# SOURCE MATERIAL
++++++++++++++++++++

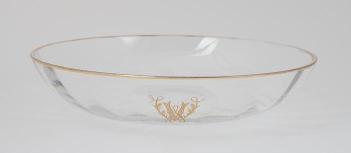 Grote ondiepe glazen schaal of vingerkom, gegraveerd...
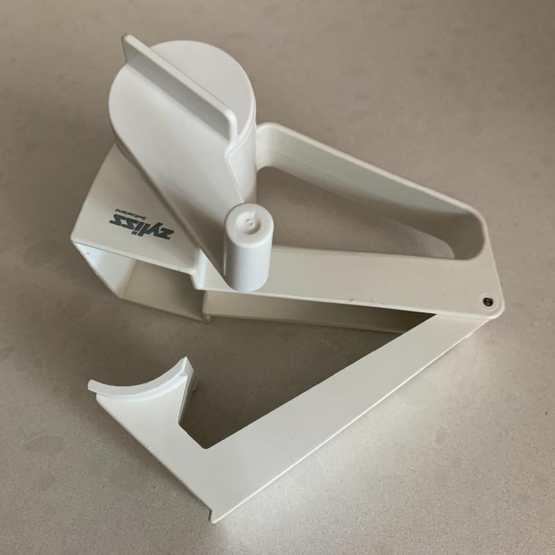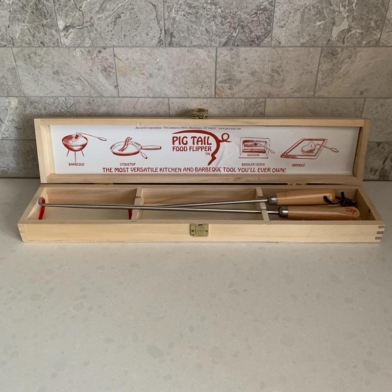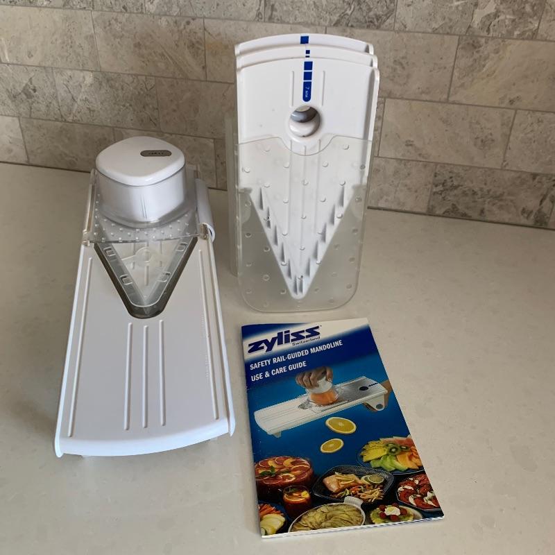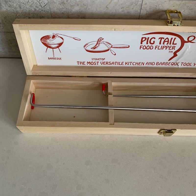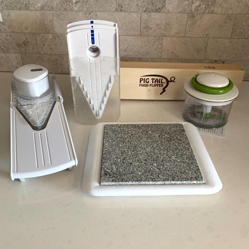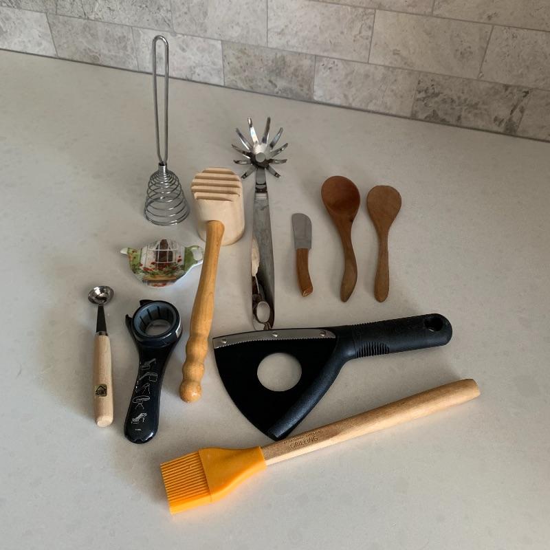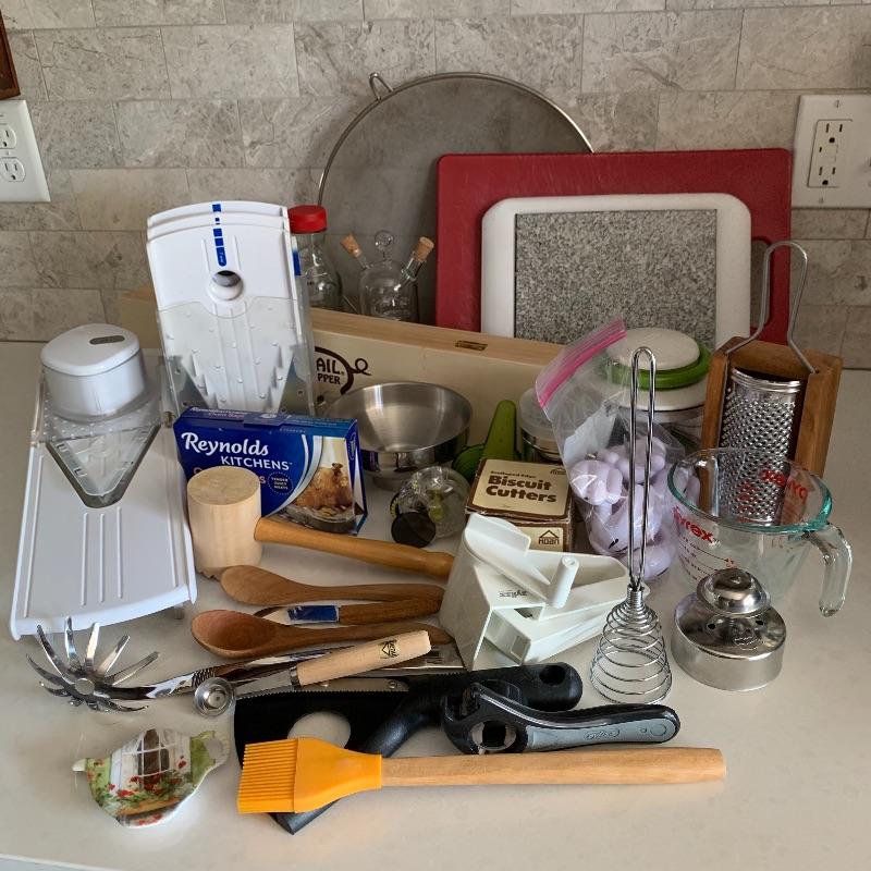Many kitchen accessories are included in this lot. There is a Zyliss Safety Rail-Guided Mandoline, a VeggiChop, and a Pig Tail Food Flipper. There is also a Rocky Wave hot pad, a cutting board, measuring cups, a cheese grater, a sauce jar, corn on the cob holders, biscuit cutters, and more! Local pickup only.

++++++++++++++++++++

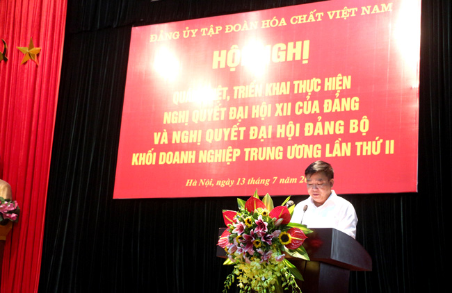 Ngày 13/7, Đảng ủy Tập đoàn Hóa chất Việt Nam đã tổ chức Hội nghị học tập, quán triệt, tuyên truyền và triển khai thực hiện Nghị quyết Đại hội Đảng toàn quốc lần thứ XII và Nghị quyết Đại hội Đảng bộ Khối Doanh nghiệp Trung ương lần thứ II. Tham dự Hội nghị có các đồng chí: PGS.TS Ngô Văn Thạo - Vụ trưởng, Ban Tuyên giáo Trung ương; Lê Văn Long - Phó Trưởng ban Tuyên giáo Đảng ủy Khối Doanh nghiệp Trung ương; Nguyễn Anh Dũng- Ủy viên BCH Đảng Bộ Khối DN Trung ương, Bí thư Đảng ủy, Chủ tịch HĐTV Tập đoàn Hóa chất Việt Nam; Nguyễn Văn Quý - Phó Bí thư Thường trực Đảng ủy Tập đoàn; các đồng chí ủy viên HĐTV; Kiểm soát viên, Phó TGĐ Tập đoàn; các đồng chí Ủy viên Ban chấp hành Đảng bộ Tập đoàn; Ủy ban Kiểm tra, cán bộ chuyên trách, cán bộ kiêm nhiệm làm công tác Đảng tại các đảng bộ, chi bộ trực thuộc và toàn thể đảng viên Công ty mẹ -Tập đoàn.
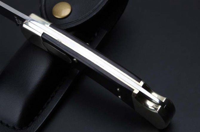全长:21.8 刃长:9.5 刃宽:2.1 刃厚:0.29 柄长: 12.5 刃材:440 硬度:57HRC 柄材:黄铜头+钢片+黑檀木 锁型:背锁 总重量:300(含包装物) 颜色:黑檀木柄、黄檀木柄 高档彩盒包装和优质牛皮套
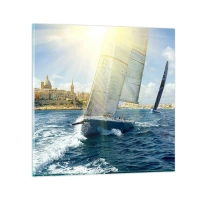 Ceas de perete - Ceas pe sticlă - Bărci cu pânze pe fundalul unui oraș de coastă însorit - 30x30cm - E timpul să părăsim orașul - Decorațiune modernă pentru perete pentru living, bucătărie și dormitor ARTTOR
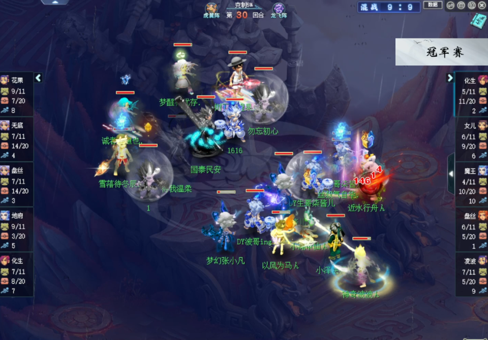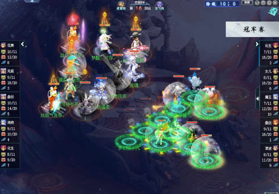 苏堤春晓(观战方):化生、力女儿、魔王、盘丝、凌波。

++++++++++++++++++++

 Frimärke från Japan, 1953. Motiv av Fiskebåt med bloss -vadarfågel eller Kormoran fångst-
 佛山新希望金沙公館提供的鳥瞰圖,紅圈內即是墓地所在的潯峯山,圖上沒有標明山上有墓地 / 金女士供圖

++++++++++++++++++++

# REQUIREMENT
Copy word for word the span of the records above that begins at the line with "Ceas de perete" and ends at the line with "苏堤春晓(观战方):化生、力女儿、魔王、盘丝、凌波。", including those two lines but not the pictures.

# RESPONSE TO THE TASK
 Ceas de perete - Ceas pe sticlă - Bărci cu pânze pe fundalul unui oraș de coastă însorit - 30x30cm - E timpul să părăsim orașul - Decorațiune modernă pentru perete pentru living, bucătărie și dormitor ARTTOR
 苏堤春晓(观战方):化生、力女儿、魔王、盘丝、凌波。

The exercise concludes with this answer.